La ciudad y los días
Carlos Colón
Lo único importante es usted
SEGURO que no tendría página web donde dijera que era la poeta más importante de Nueva Inglaterra. Seguro que no la invitarían a la Feria del Libro ni al Festival de Poesía. No la conocería nadie y ella escribiría sus poemas sin que nadie lo supiera; al menos, no los extraños, sólo los más cercanos.
En Amherst, Massachusetts, en medio de un paraje algo escondido, está la casa de Emily Dickinson. Amherst es un pueblito pintoresco; pocas casas, bajitas, calladas y una preciosa, impresionante naturaleza: árboles gigantescos, ríos, lagos, pájaros... La casa-museo de Emily Dickinson se parece a Emily Dickinson. También se le parece la guía que nos hace la visita, que habla bajito, como susurrando o cantando, que sonríe suavemente y habla de Emily, de sus hermanos Austin y Lavinia, de su amiga Mabel que fue quien publicó los poemas después de la muerte de Emily, como si fueran su propia familia. Está prohibido hacer fotos y tampoco se puede visitar la casa sin las palabras de la guía. Sobre el piano del salón aparece bien visible el cartel: "No tocar". Todo es íntimo y silencioso; se siente como si te estuvieran enseñando un secreto al que sólo te permiten asomarte por un momento. ¡Qué distinto al bullicio y al jolgorio hispánico, incluso en los museos, donde cualquiera se sienta a tocar el piano de Lorca como si le perteneciera desde siempre! En el piso de arriba, la habitación de Emily; casi se oye respirar. Todo es austero, humilde, sólo lo imprescindible: la cama con su cabecero de hierro, el quinqué en la mesita de noche y los dos pequeños libros, el traje blanco de los últimos años...; "ella era bajita, muy bajita", insiste la guía. Luego, en el piso de abajo, la biblioteca del padre donde Emily aprendió tantas cosas, con los libros que quedan; "casi todos están en Harvard", dice orgullosa la guía. Y desde la ventana abierta se ve el jardín, los manzanos, el paisaje que ella vio.

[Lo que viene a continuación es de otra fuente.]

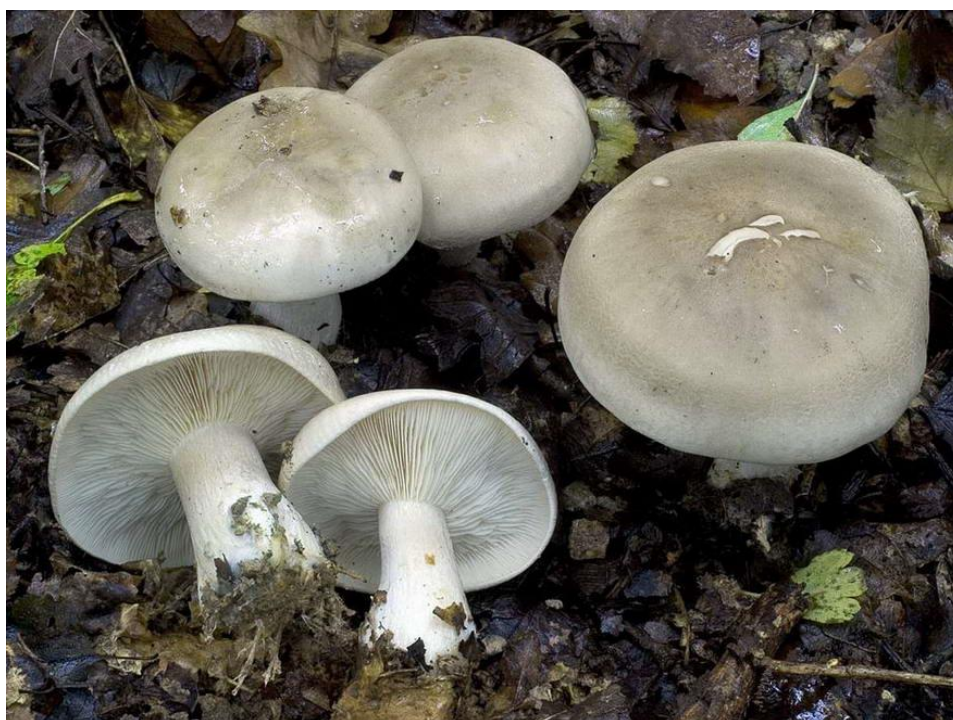
Slika 4. Maglenka

Maglenka pripada skupini saprofitskih vrsta gljiva koja je široko rasprostranjena po šumama Hrvatske. Klobuk je širok 6-20 cm (2-8 cm) u promjeru, mesnat i konveksan, uvijena ruba. Boja klobuka je sivkasta do svijetlo-smeđe siva (slika 4), a često je posut svijetlim prahom, dok se kožica klobuka lako guli. Listići su vrlo gusti i spuštaju se niz stručak. Žućkaste su boje te se lako odvajaju od mesa klobuka. Stručak je debeo, prema dnu je zadebljan, a sa starenjem postaje šupalj te se lako lomi. Boja stručka je svjetlija od boje klobuka. Meso je bijelo i vlaknasto, jakog mirisa koji podsjeća na upaljeno brašno (Božac, 2003), dok je okus trpak. Spore su žute i ovalne, veličine 6-8 x 3-4 \mu\text{m} . Raste u kasnu jesen u crnogoričnim i bjelogoričnim šumama u velikim skupinama, krugovima ili redovima, kao i modrikača ( Lepista nuda Pers.) (Božac, 2005).

El tren se aleja de Amherst. Y recuerdo a Sor Juana y a Santa Teresa. Y a Dulce María Loynaz, a Fina García Marruz. Mujeres nadie que escribieron no para publicar, no para ser aplaudidas. Recuerdo también a las dos poetas que me hablaron de Emily Dickinson con emoción: Ángeles Mora en Granada, Márgara Russotto en Amherst. Hacer la obra, incluso sin creer que se hace. Hacer la obra, no el ruido. Y en el libro, saltan los versos de Emily Dickinson, "Yo soy nadie", en la hermosa traducción de Silvina Ocampo: "¡Qué horrible - ser - alguien! / Qué impudicia -como una rana- / Decir vuestro nombre -todo el santo día- / a un admirativo pantano".